The Great Mutiny, as yet, has found neither its final historian, nor its sufficient poet. What other nation can show in its record such a cycle of heroism as that which lies in the history of the British in India between May 10, 1857—the date of the Meerut outbreak, and the true beginning of the Mutiny—and November 1, 1858, when the Queen’s proclamation officially marked its close? But the heroes in that great episode—the men of Lucknow, and Delhi, and Arrah, the men who marched and fought under Havelock, who held the Ridge at Delhi under Wilson, who stormed the Alumbagh under Clyde—though they could make history, could not write it. There are a hundred “Memoirs,” and “Journals,” and “Histories” of the great revolt, but the Mutiny still waits for its Thucydides and its Napier. Trevelyan’s “Cawnpore,” it is true, will hold its readers breathless with its fire, and movement, and graphic force; but it deals with only one picturesque and dreadful episode of the Great Mutiny. The “History of the Mutiny,” by Kaye and Malleson, is laborious, honest, accurate; but no one can pretend that it is very readable. It has Kinglake’s diffuseness without Kinglake’s literary charm. The work, too, is a sort of literary duet of a very controversial sort. Colonel Malleson, from the notes, continually contradicts Sir John Kaye in the text, and he does it with a bluntness, and a diligence, which have quite a humorous effect.

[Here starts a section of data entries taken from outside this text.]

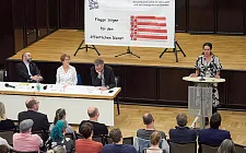 ich möchte heute - stellvertretend für den Ausbildungspersonalrat der dual Studierenden - zwei große Probleme, die sich hauptsächlich auf den dualen Studiengang Public Administration (DSPA) beziehen, ansprechen: Zum einen die fehlende Planungssicherheit für Studierende und zum anderen die erschwerte Kommunikation mit dem Arbeitgeber und der Hochschule.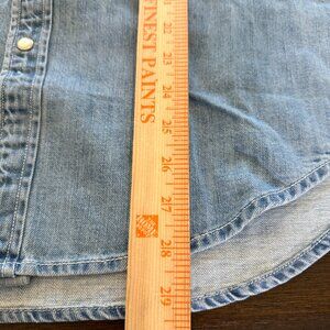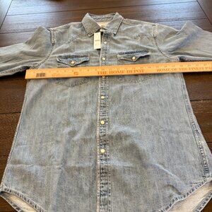 we made this rugged denim shirt with details like a western yoke, snap front and two snap-closure chest pockets. Dyed with real indigo, this shirt will look better over time and gently fade the more you wear it, just like your favorite jeans.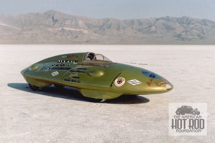 We couldn’t resist pulling out a Freddy Larsen color shot of the Commode (FLC_262). The press and on-lookers nick-named it the Pumpkin Seed as a ‘60’s version of political correctness. It was Burke’s interpretation of the MG EX-181. The car was entered in two classes, Class D as number 1888 and powered by a Bill Stroppe prepared 156′ Falcon inline 6 and class G as car number 888 with a 61″ Austin-Healey Sprite 4-banger for power. With Bill driving the class D streamliner ran 202.360 mph for a first in class and then he bumped the class record to 205.949 mph. In class G it managed to run 124.82 mph for a second in class against the Wee Eel ride at 158.80. The Wee car then set the class record at 135.182 mph. Burke later teamed up with Mickey Thompson and ran a Tempest in it. The car still exists today in lengthened form and is owned by Jim Travis. In recent years Jim, his son Randy and Danny Thompson, Mickey’s son, have all driven the car.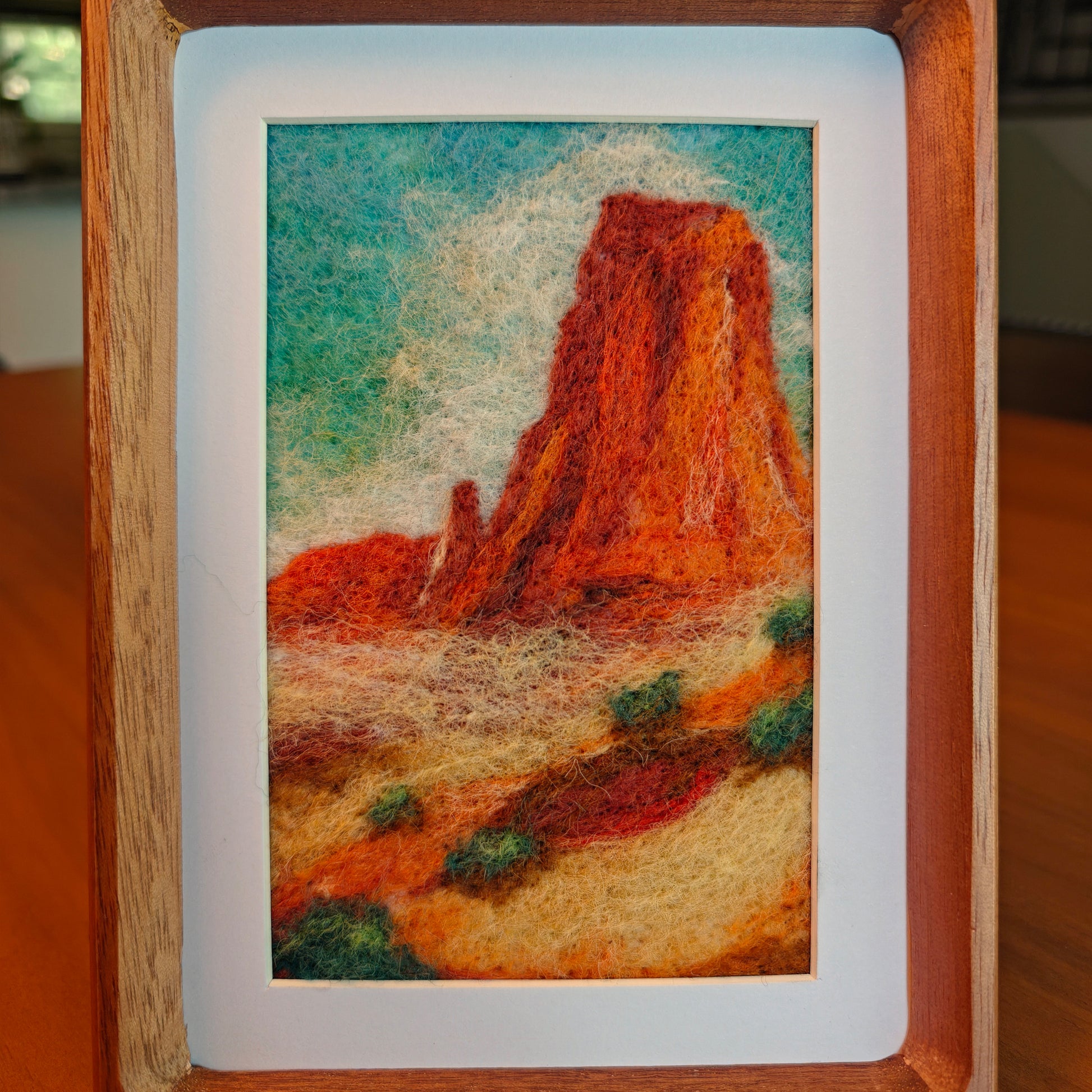 Hand-crafted needle felted fiber art of Death Valley National Park. Solid wood frame included. Artwork is 5"x7", matted to 4"x6".

Not only is the Mutiny without an historian, but it remains without any finally convincing analysis of its causes. Justin McCarthy’s summary of the causes of the Mutiny, as given in his “History of Our Own Times,” is a typical example of wrong-headed judgment. Mr. McCarthy contemplates the Mutiny through the lens of his own politics, and almost regards it with complacency as a mere struggle for Home Rule! It was not a Mutiny, he says, like that at the Nore; it was a revolution, like that in France at the end of the eighteenth century. It was “a national and religious war,” a rising of the many races of India against the too oppressive Saxon. The native princes were in it as well as the native soldiers.

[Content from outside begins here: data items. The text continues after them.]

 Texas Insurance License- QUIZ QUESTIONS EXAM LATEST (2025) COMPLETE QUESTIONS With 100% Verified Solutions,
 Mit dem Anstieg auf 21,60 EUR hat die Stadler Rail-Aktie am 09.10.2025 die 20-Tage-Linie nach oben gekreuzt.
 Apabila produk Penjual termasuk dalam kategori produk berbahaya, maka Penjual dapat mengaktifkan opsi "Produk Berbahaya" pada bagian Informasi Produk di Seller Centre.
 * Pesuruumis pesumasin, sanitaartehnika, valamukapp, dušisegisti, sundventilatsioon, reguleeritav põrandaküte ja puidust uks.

The plain facts of the case are fatal to that theory. The struggle was confined to one Presidency out of three. Only two dynastic princes—Nana Sahib and the Ranee of Jhansi—joined in the outbreak. The people in the country districts were passive; the British revenue, except over the actual field of strife, was regularly paid. If their own trained native soldiery turned against the British, other natives thronged in thousands to their flag. A hundred examples might be given where native loyalty and valour saved the situation for the English.